Directions ::
Everything from the line with "如此交替进行做完4个8拍后,收回预备动作" to the line with "Strapabíró, 120 g/m²-es" in the listing below, both lines included, needs to be copied exactly, apart from the pictures.

Provided data ::
BEGIN

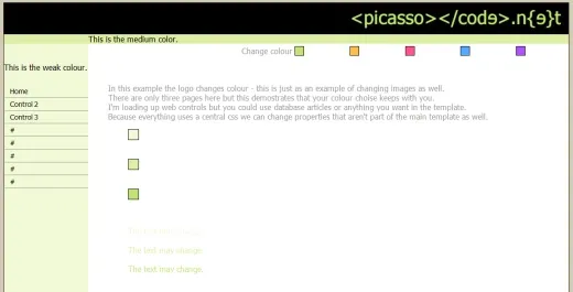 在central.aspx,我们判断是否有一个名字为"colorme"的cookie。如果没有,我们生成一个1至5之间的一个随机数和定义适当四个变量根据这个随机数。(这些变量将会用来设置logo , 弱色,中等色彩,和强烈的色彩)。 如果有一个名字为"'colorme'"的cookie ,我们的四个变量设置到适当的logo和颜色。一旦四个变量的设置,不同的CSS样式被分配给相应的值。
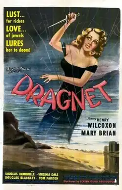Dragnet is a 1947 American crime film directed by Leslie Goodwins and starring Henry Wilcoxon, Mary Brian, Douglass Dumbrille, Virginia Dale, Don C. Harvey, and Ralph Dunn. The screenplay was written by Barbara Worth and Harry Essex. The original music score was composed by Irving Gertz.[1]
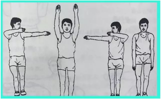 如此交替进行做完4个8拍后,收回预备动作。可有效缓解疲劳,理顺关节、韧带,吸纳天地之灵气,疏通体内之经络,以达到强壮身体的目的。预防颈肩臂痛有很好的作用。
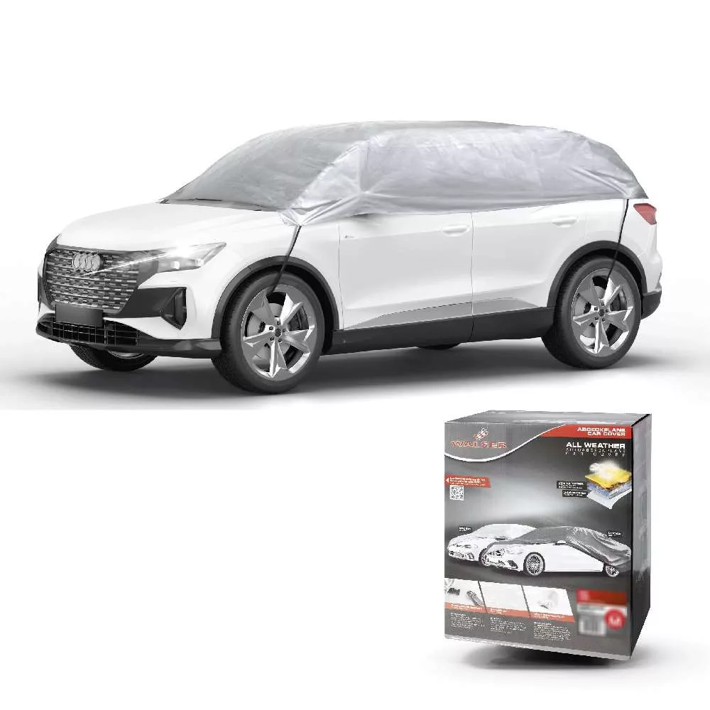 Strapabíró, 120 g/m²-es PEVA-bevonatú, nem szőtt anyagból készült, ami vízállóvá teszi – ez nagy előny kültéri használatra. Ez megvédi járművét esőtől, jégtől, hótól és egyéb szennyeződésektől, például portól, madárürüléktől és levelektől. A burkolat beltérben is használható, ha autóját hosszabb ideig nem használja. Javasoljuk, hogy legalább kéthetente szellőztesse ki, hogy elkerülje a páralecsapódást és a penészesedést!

END
BEGIN

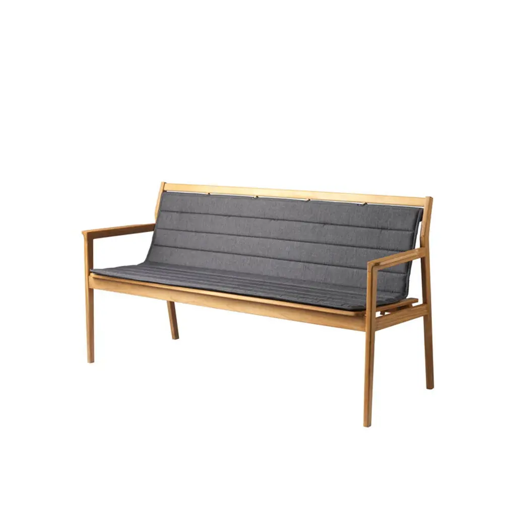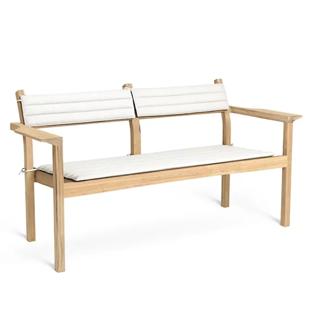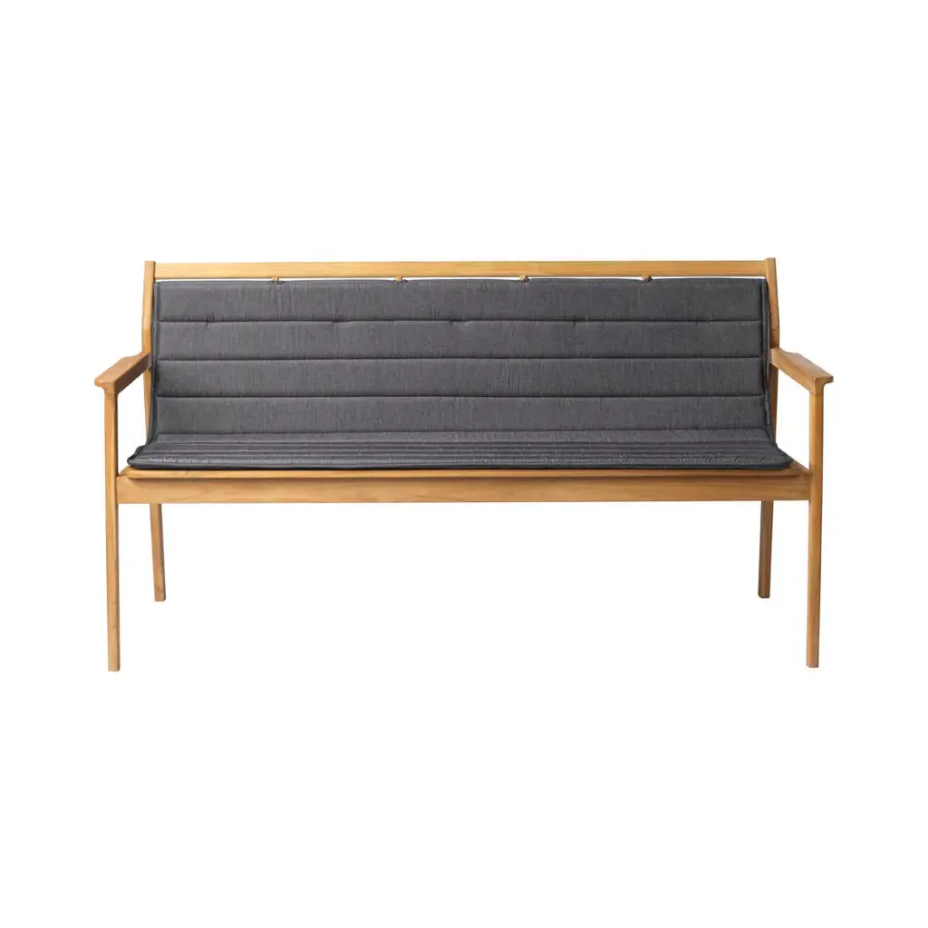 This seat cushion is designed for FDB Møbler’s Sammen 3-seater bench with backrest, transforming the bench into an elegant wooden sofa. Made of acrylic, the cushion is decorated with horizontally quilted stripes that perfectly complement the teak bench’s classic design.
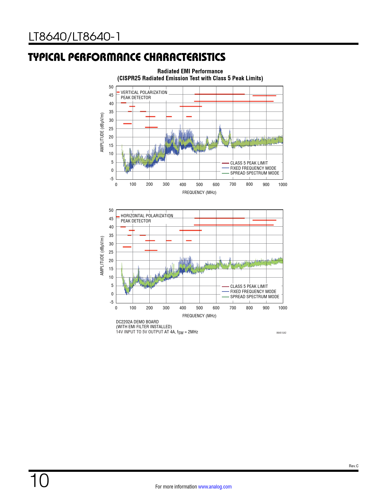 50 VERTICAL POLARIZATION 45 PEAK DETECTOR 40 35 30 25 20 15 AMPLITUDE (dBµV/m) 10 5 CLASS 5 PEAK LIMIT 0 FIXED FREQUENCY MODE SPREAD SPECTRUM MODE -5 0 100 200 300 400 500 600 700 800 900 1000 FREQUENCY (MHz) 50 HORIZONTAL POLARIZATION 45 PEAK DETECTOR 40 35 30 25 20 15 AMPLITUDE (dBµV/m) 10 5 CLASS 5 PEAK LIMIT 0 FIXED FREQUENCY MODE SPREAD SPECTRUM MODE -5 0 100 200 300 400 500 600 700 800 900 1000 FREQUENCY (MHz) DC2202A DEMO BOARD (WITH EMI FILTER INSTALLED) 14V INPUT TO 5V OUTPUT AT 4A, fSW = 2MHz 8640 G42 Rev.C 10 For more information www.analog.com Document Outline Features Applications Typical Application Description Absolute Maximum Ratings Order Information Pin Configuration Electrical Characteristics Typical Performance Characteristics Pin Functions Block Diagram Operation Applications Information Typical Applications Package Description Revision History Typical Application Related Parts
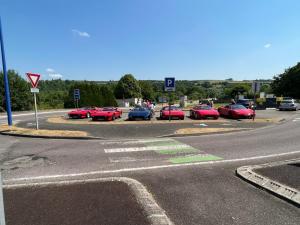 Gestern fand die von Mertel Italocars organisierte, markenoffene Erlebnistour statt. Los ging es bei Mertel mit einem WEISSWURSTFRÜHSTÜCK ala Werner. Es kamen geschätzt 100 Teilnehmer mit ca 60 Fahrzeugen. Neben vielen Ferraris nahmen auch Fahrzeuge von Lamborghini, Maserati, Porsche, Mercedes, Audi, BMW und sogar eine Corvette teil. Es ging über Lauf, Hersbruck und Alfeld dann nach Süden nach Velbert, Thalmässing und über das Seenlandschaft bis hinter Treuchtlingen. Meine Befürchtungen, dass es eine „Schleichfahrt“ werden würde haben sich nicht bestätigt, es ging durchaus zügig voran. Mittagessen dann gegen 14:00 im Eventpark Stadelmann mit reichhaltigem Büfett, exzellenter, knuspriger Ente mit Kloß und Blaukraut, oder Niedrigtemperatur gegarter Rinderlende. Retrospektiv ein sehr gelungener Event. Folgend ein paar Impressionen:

END
BEGIN

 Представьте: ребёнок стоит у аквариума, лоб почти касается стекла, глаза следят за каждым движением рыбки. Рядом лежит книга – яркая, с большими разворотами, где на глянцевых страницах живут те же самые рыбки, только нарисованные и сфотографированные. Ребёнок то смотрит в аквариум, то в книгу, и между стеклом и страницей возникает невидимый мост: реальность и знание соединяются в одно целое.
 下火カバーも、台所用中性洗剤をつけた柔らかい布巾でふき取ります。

END

Exercise output ::
 如此交替进行做完4个8拍后,收回预备动作。可有效缓解疲劳,理顺关节、韧带,吸纳天地之灵气,疏通体内之经络,以达到强壮身体的目的。预防颈肩臂痛有很好的作用。
 Strapabíró, 120 g/m²-es PEVA-bevonatú, nem szőtt anyagból készült, ami vízállóvá teszi – ez nagy előny kültéri használatra. Ez megvédi járművét esőtől, jégtől, hótól és egyéb szennyeződésektől, például portól, madárürüléktől és levelektől. A burkolat beltérben is használható, ha autóját hosszabb ideig nem használja. Javasoljuk, hogy legalább kéthetente szellőztesse ki, hogy elkerülje a páralecsapódást és a penészesedést!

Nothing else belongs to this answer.